Tuesday, January 29, 2013

What's Next to Ban? LEGO®s?

     While looking through the news of the day, one story caught my attention right away. It seems a future domestic terrorist has been discovered lurking in the halls of the Hyannis West Elementary School on Cape Cod in the form of five year old Joseph Cardosa.( 5 year old threatened with suspension.) What was this youngster's crime? He dared to take two LEGO®  pieces and make them into the shape of a gun. In the letter to the parents threatening him with suspension, the school says the boy was using toys inappropriately. I would like to see the policy the letter is referring to because I suspect there is nothing mentioned about what the appropriate use of LEGO®'s is.

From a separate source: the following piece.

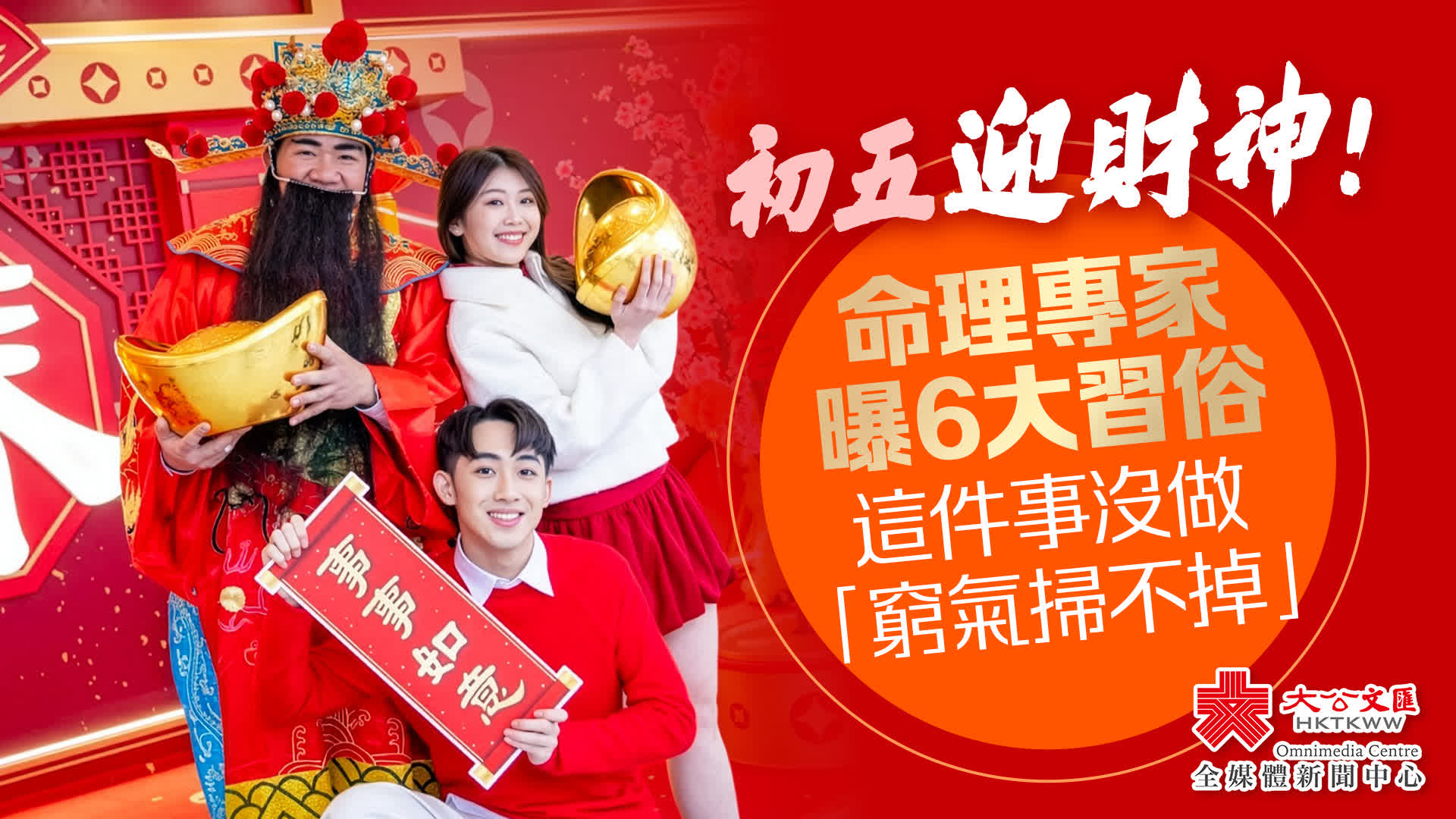 大公文匯全媒體報道,今日(大年初五,21日)因適逢財神生日,因此有「迎財神」習俗。不過,台灣命理專家「清水孟國際塔羅小孟老師」也透露,這天因初一至初五禁忌完全解除,故又被稱為「破五日」,雖然當天沒有什麼重大禁忌,但也要遵守6習俗,才能真正達成「迎富送窮」!

     I remember having them as a child and all four of my own children had buckets of them too. As I recall, there were plenty of things made out of them to look like tanks, planes with missiles, and toy figures with guns lying around the house all the time. In the above referenced articled, the author cites several other absurd cases from around the country and the involved school system's ridiculous response to them. All of these things raise some serious questions.
     Who are the people we have teaching our kids who could be so stupid as to overreact to these things? If Mr. Cardosa was running around pointing the gun at other students and pretending to shoot them, I would agree with the school in intervening. Not because of the LEGO®s, more because of the behavior exhibited. Instead, what we hear from the Principal of the school is that person's own apparent irrational fear of anything which even remotely looks like a gun, as if just the shape is dangerous. This presumably educated person told FOX 25 “We need a safe environment for our students. While someone might think that making a Lego gun is just an action of a 5-year-old, to other 5-year-olds, that might be a scary experience.” Really? A scary experience to who?
     My experience as a parent and youth sports coach is the less of a big deal we adults make of things, the better off the children are. It is not mentioned, but I wonder how many of the fellow students ran out of the building screaming in fear when young Mr. Cardosa brandished his newly made LEGO® gun? I wonder if the teachers present called 911 and placed the students under the desks to avoid whatever harm could come from plastic? 
     By the way, the picture I used is just one of thousands on the web. Kind of looks like a gun, don't you think? I guess I better watch for my letter in the mail too.